= Jean Théophile Victor Leclerc =

French newspaper editor

Jean Théophile Victor Leclerc (/fr/), a.k.a. Jean-Theophilus Leclerc and Theophilus Leclerc d'Oze (1771–1820), was a radical French revolutionary, publicist, and soldier. After Jean-Paul Marat was assassinated, Leclerc assumed his mantle.

Leclerc was the son of a civil engineer and joined the National Guard in Clermont-Ferrand at the outbreak of revolution in 1789. He then went to Martinique as a merchant's agent. However, his militant pro-revolutionary stance brought him into conflict with the planter aristocracy, who soon expelled him for revolutionary propaganda in 1791. He returned to metropolitan France and joined the 1st battalion of Morbihan in which he served until February 1792, when he left for Paris to defend seventeen grenadiers accused, in Martinique, of being revolutionaries. He successfully defended them in front of the Jacobin Club and the revolutionary national assembly. On April first that year he made a speech before the Jacobin Club calling for the execution of King Louis XVI and Queen Marie Antoinette.

Leclerc returned to his military duties with the Army of the Rhine, and was sent on an unsuccessful spy mission across the Rhine in southwest Germany. It seems that he was betrayed by Dietrich, the mayor of Strasbourg. In November 1792, he fought at the Battle of Jemappes. In February 1793 he was transferred to the General Staff of the newly restructured Army of the Alps, in Lyon. It was there that he joined the Club Central and he was sent to Paris as a special deputy from Lyon.
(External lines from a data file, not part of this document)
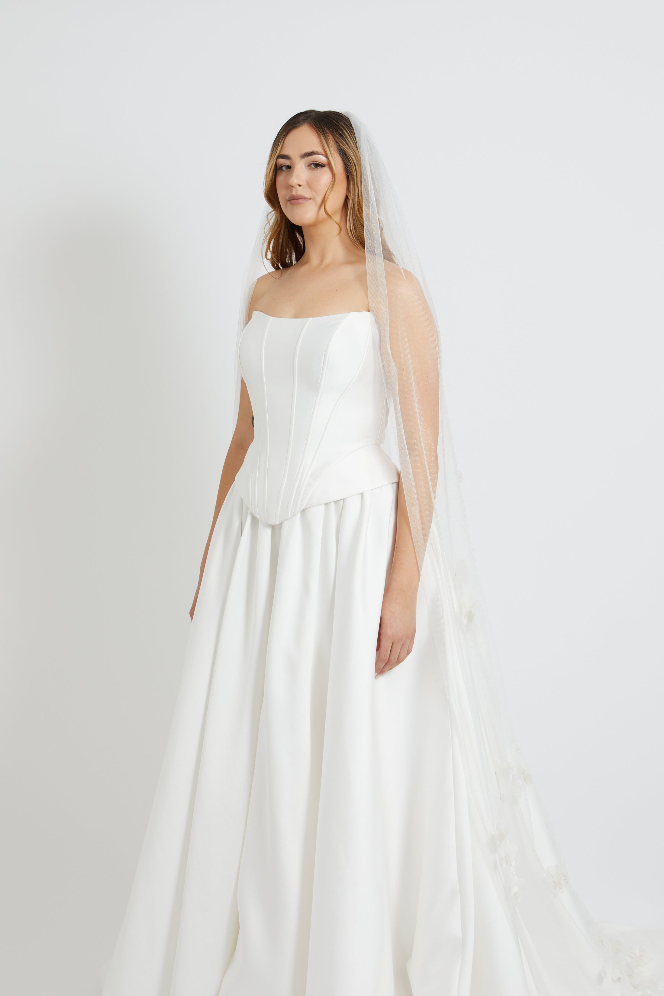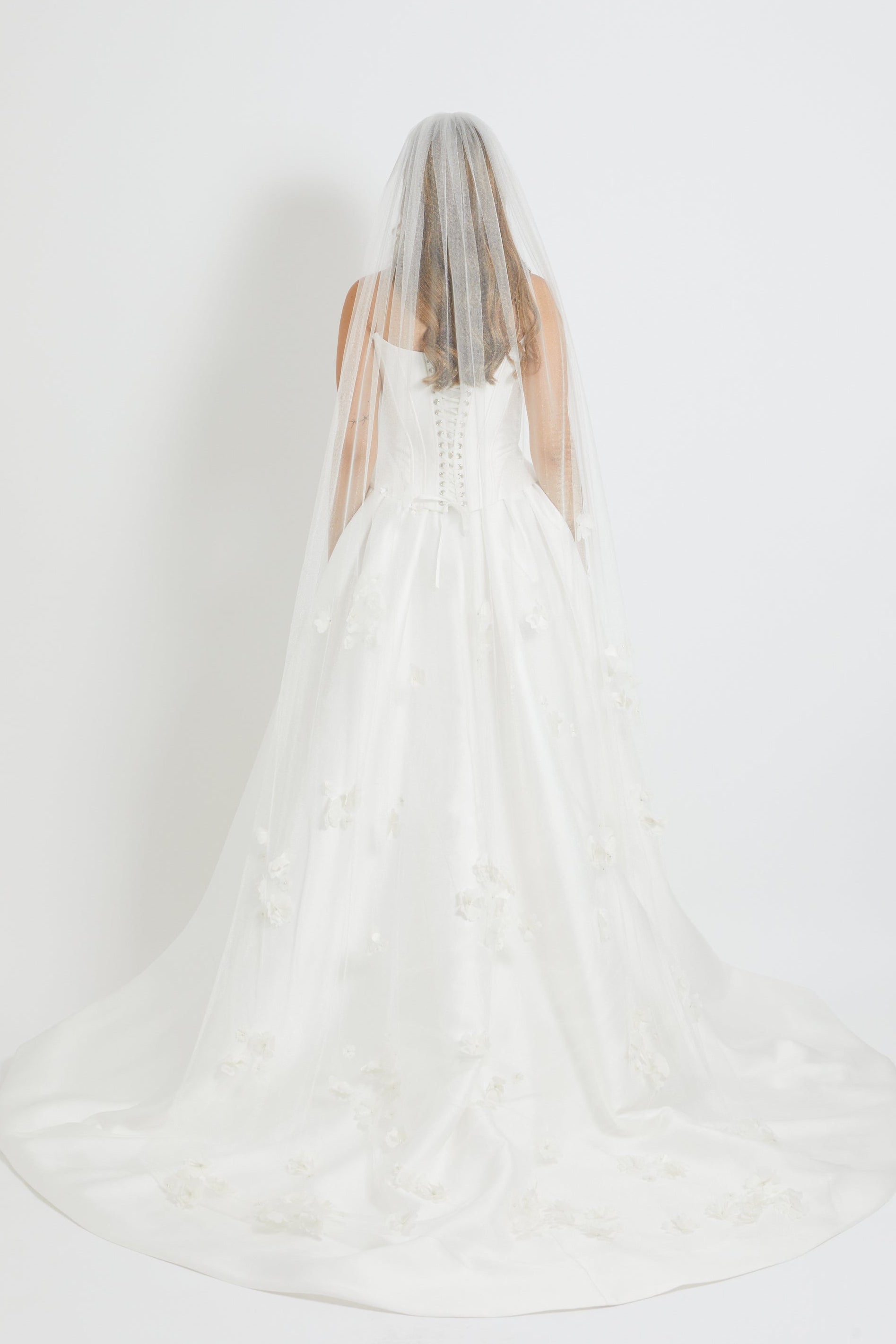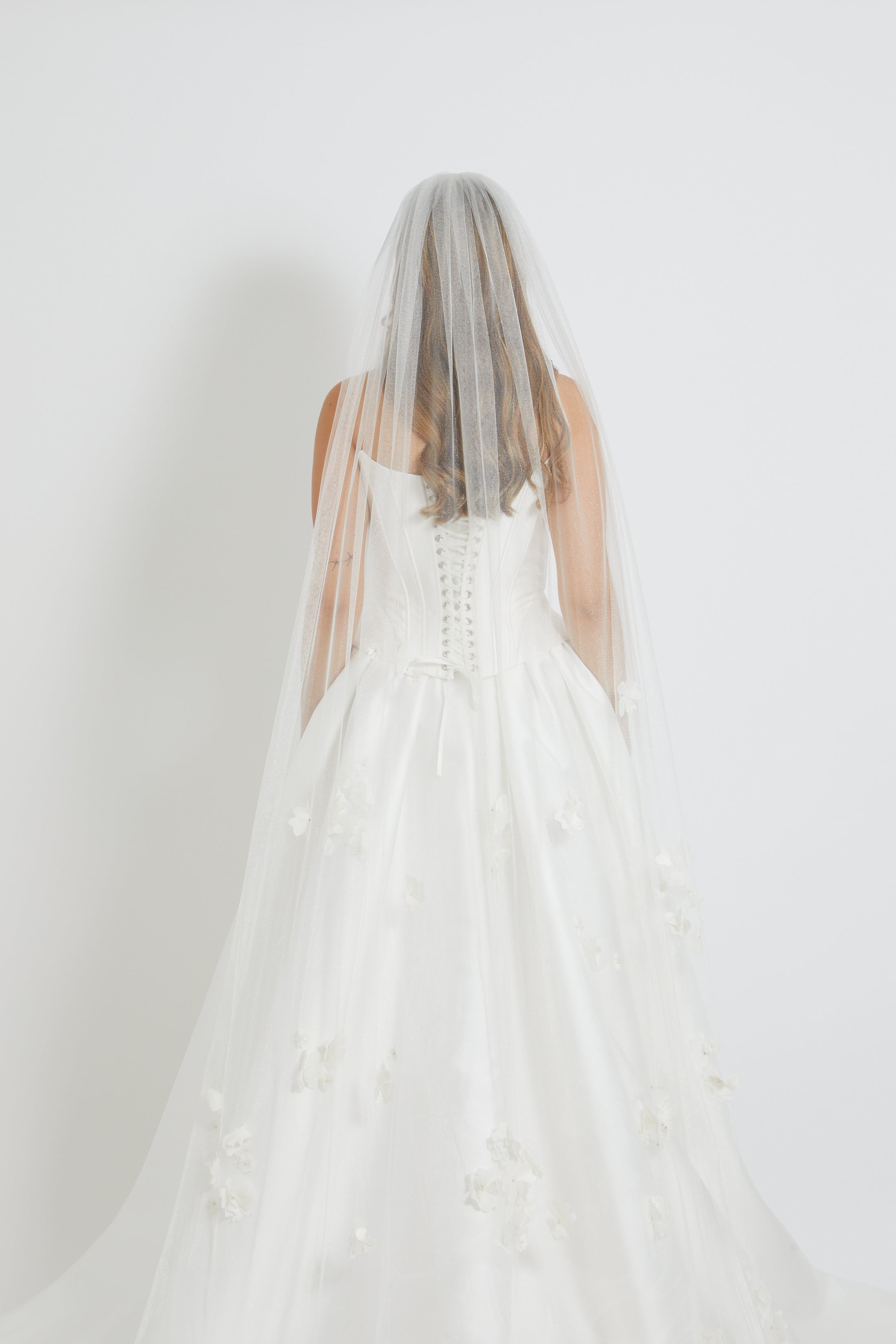 From a delicate, fingertip-length style that dances with every step to a dramatic cathedral veil that makes a grand entrance, each one is made with incredible attention to detail and beautiful fabrics. Whether you dream of a simple, classic drape or an intricate, lace-trimmed showstopper, our veils are the perfect finishing touch for your gown. They'll create a silhouette that's absolutely unforgettable as you walk down the aisle.
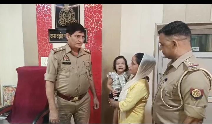 बदायूं-वजीरगंज में सचिन कुमार की पुत्री उम्र 2 वर्ष निवासी आंवला रोड थाना वजीरगंज के अंतगर्त बच्चे के खोने से परिजनों में हड़कंप मच गई। बच्ची की मां रोते हुए थाना वजीरगंज पहुंची।परिजनों द्वारा तत्काल थाना प्रभारी वजीरगंज को सूचित किया गया। थाना प्रभारी जितेंद्र कुमार सिंह ने तुरंत एक्शन लेते हुए,SI राजाराम के द्वारा SI राजाराम ने महज आधे घंटे के अंदर खुई हुई बच्ची को सकुशल बरामद किया। जो कि बच्ची की मां खील,परमल खरीदते समय उनकी बच्ची किसी कारण गुम हो गई थी। पुलिस ने अपने अथक प्रयास से बच्चे को बरामद कर घर वालों को सुपुर्द किया। बच्ची के सकुशल घर लौटने पर परिजनों ने राहत की सांस ली और पुलिस टीम का आभार व्यक्त किया। क्षेत्रीय जनता ने भी वजीरगंज पुलिस की इस त्वरित और प्रभावी कार्रवाई की सराहना की है।
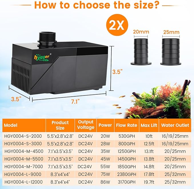 - Complete Accessories and Reliable: The 35W aquarium pump comes with the accessories you need. The set includes 1x Water pump. 1x Controller, 2x Water outlet connector(20/25mm),1x Adhesive and 1x User manual. We provide a 24-month-warranty. If there is any problem with our product, please contact us, We are happy to help you.
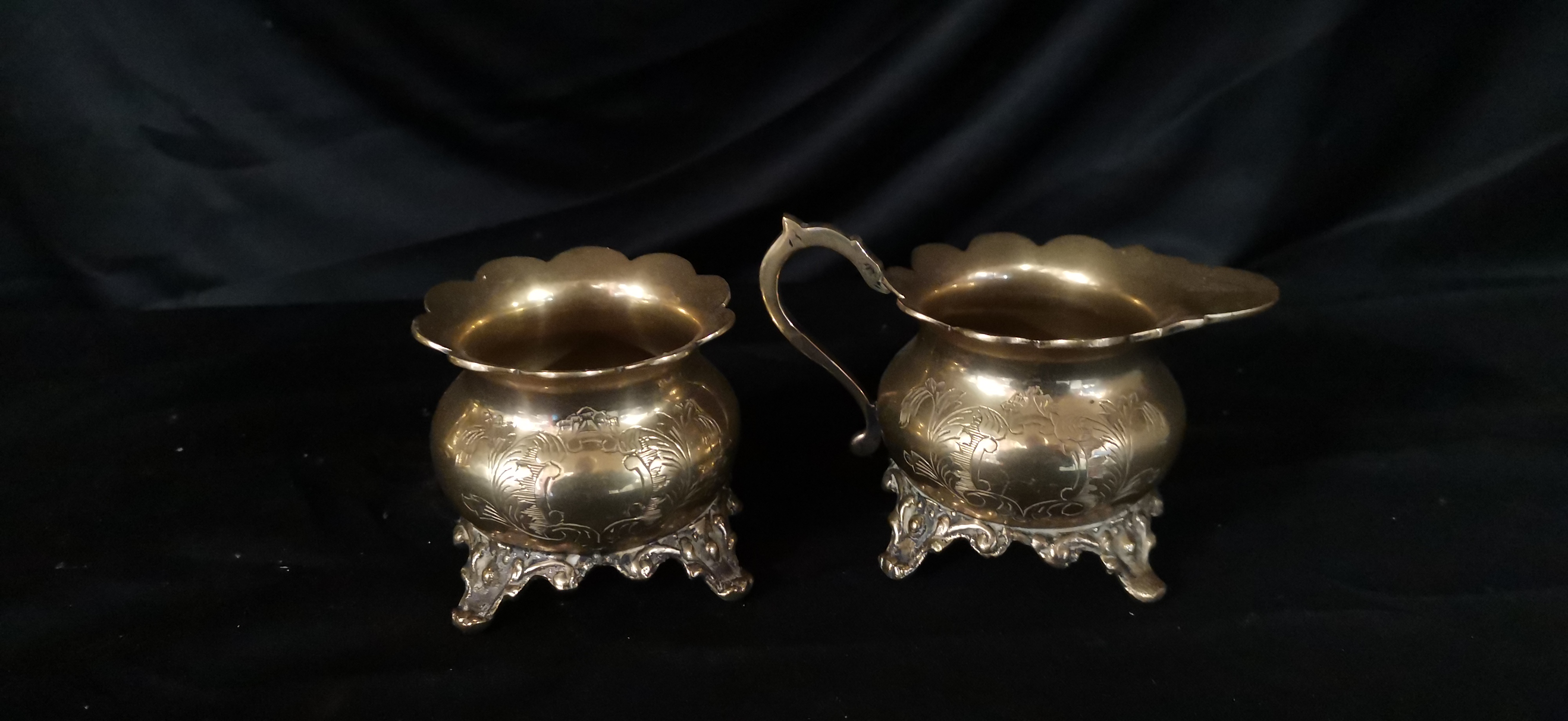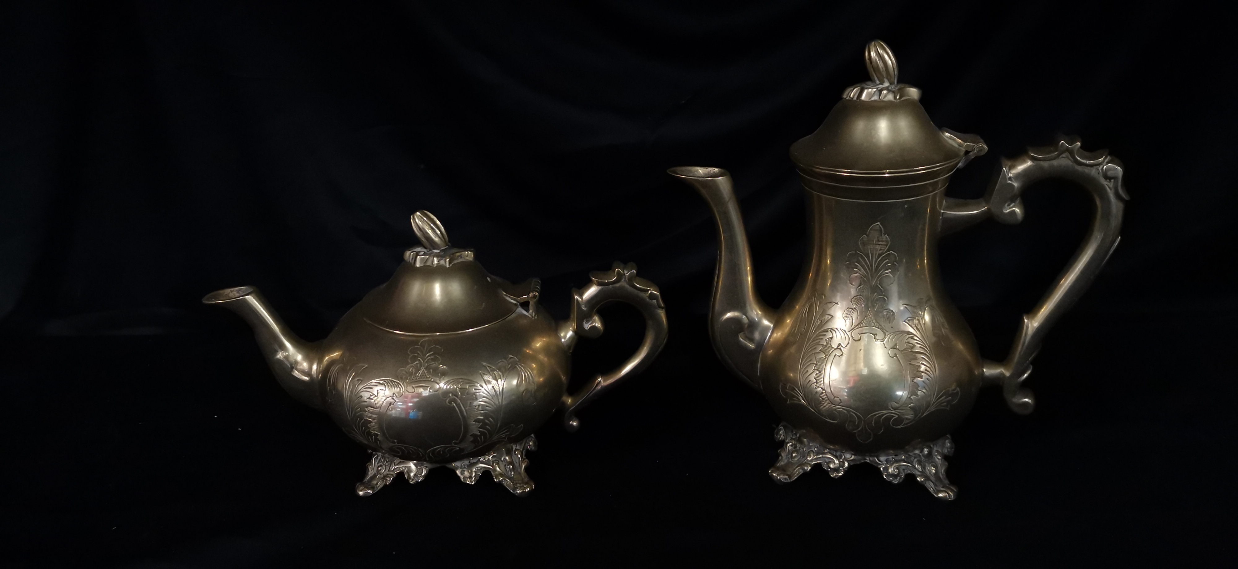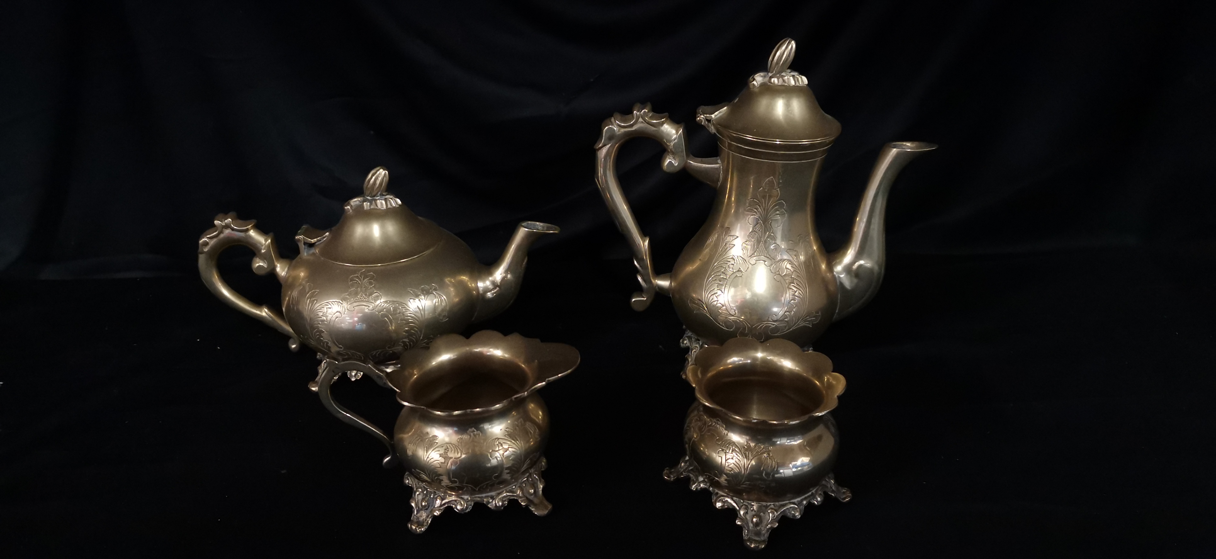 A collection of gold-toned electro-plated nickel silver tea and coffee service items featuring ornate floral engravings and E.P.N.S star markings.
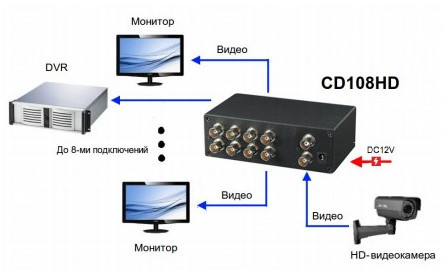 CD108HD - распределитель видеосигнала HDCVI/HDTVI/AHD/CVBS.
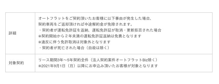 当社は、多様化するクルマの利用ニーズに応えるため、2015年からマイカーリース事業として「オートフラット」をスタートしました。「オートフラット」は、契約期間中に支払う月額料金の中に「車両代」「税金」「メンテナンス費用」が全て含まれる定額制マイカーリースです。このたび、ご契約者様の安心感向上を目的に、運転免許返納や死亡時に中途解約金を免除する「あんしんキャンセルサポート」を新たに導入します。高齢化社会が進展する中、新サービスの導入により、免許返納等の事態が発生した場合に中途解約金が免除されますので、安心してオートフラットをご契約いただけます。
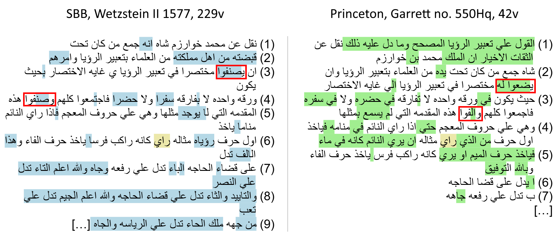 SBB, Wetzstein II 1577, 229v (left) Princeton, Garrett no. 550Hq, 42v (right)
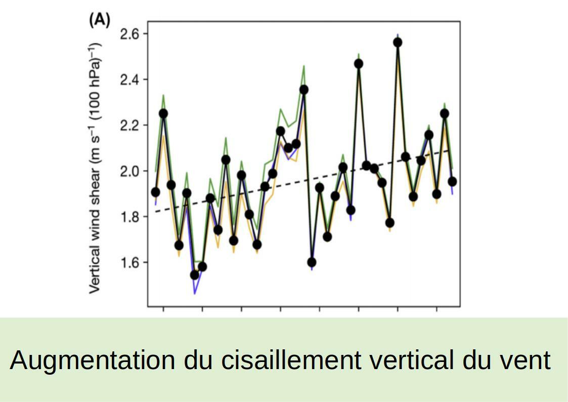Ainsi, la forme verticale des courants-jets subpolaires est modifiée par le changement climatique d'une manière non triviale. Les profils verticaux affichent un cisaillement plus faible dans la basse troposphère, mais cisaillement plus fort plus haut. Ces changements ont d'abord été projetés par des études de modèles climatiques, mais sont désormais clairement visibles dans les données d'observation historiques. Les changements sont également cohérents avec notre compréhension dynamique de l'atmosphère à grande échelle, en termes de vent thermique équilibre.
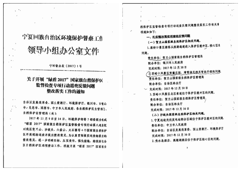 2017年11月11日,國家“綠盾2017”國家級自然保護區監督檢查專項行動第八巡查組對賀蘭山國家級自然保護區(銀川段)開展情況及保護區人類活動整改落實情況現場巡查時發現,蘇峪口風景區滑雪場“無相關審批手續”,要求2017年12月30日前完成整改,“限期補辦相關手續或者由自治區人民政府與國家林業局等主管部門協調出臺統一的處理方案”。

Leclerc took an extremely radical revolutionary position, even being expelled from the Jacobin Club for being too radical. He was a founding member of Les enragés (literally "the Angry Ones") who opposed Jacobian leniency. In 1793, he married Pauline Léon, who together with Claire Lacombe had founded the Société des républicaines révolutionnaires, a radical and revolutionary feminist organization which was banned the following year. He and his wife published a broadsheet called L'Ami du peuple par Leclerc starting in 1793, which advocated a radical purging of the army, the creation of a revolutionary army made up exclusively of the partisans of the Reign of Terror, and the execution of all the suspected anti-revolutionaries. His publishing activities ceased with his arrest in April 1794. After his release in August 1794, he and his wife maintained a low profile until his death in 1820.